Dataset excerpts below:

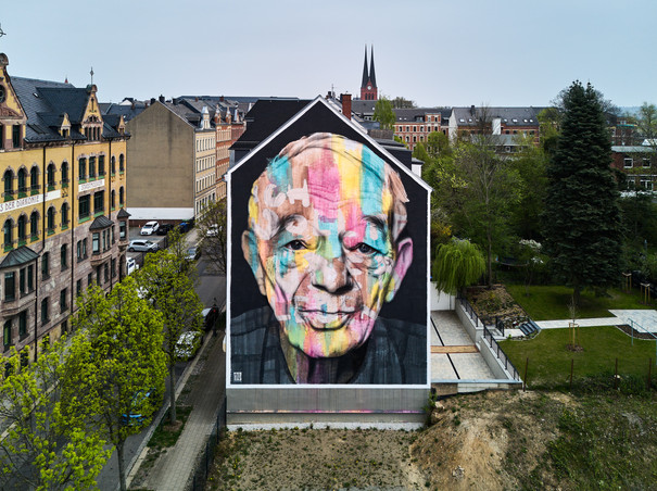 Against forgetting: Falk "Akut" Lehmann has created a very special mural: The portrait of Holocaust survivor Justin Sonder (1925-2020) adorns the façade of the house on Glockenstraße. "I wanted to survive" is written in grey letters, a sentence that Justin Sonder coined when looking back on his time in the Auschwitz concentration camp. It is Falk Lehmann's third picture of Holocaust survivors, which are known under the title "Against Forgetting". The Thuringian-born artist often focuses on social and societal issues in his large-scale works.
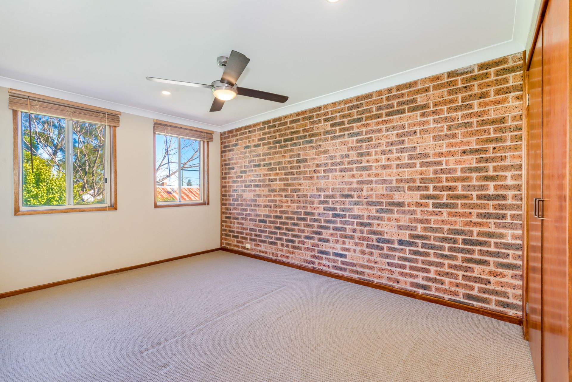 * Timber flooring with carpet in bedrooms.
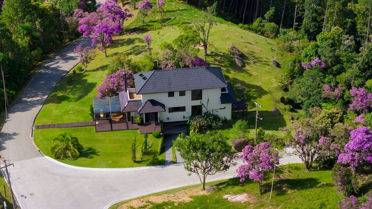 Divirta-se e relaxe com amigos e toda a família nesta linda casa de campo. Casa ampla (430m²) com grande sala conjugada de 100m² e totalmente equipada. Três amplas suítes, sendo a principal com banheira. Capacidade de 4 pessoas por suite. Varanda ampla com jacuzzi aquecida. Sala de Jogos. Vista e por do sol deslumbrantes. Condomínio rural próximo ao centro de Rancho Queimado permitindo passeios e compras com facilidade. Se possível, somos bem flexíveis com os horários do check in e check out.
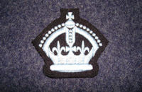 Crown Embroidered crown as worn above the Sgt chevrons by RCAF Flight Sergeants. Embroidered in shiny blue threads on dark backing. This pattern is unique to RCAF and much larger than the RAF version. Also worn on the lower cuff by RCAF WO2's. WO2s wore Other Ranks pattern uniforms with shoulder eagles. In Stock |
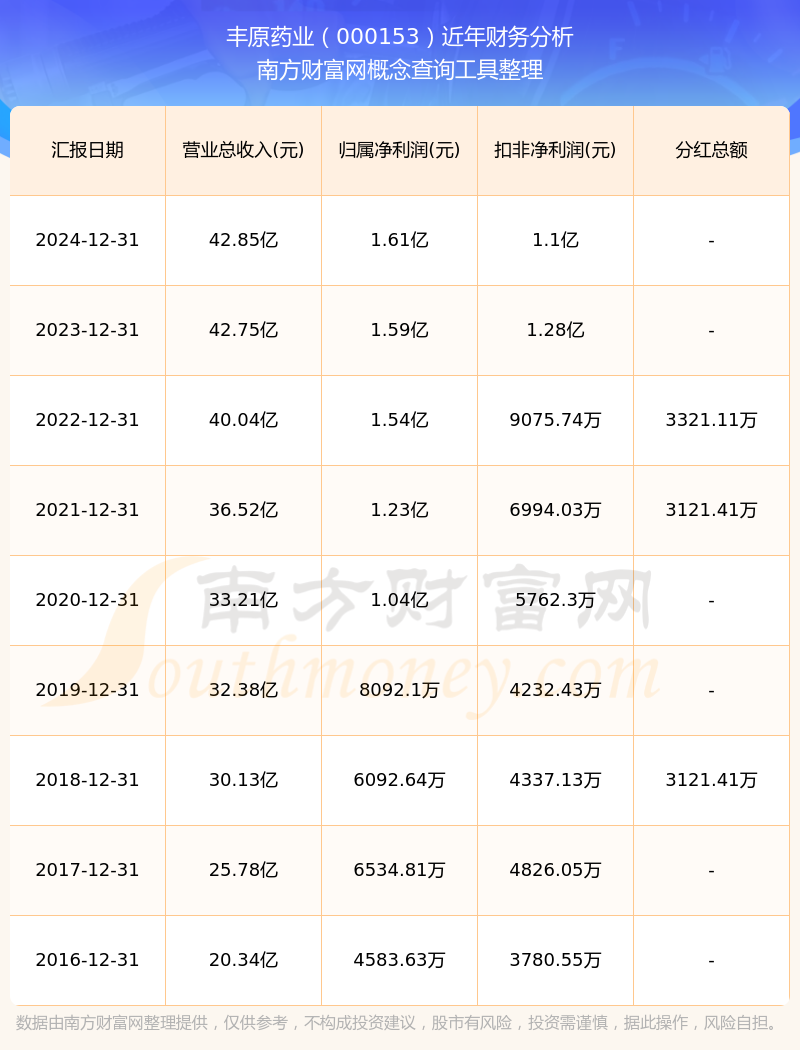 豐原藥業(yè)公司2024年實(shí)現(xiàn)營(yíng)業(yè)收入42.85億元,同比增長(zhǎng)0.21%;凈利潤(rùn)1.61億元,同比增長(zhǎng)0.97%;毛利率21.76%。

End of Dataset excerpts.

** What the exercise asks **
Everything from the line with "carpet in bedrooms." through the last line of the listing should be retyped exactly, with both end lines kept and the pictures left out.

** Response area **
 * Timber flooring with carpet in bedrooms.
 Divirta-se e relaxe com amigos e toda a família nesta linda casa de campo. Casa ampla (430m²) com grande sala conjugada de 100m² e totalmente equipada. Três amplas suítes, sendo a principal com banheira. Capacidade de 4 pessoas por suite. Varanda ampla com jacuzzi aquecida. Sala de Jogos. Vista e por do sol deslumbrantes. Condomínio rural próximo ao centro de Rancho Queimado permitindo passeios e compras com facilidade. Se possível, somos bem flexíveis com os horários do check in e check out.
 Crown Embroidered crown as worn above the Sgt chevrons by RCAF Flight Sergeants. Embroidered in shiny blue threads on dark backing. This pattern is unique to RCAF and much larger than the RAF version. Also worn on the lower cuff by RCAF WO2's. WO2s wore Other Ranks pattern uniforms with shoulder eagles. In Stock |
 豐原藥業(yè)公司2024年實(shí)現(xiàn)營(yíng)業(yè)收入42.85億元,同比增長(zhǎng)0.21%;凈利潤(rùn)1.61億元,同比增長(zhǎng)0.97%;毛利率21.76%。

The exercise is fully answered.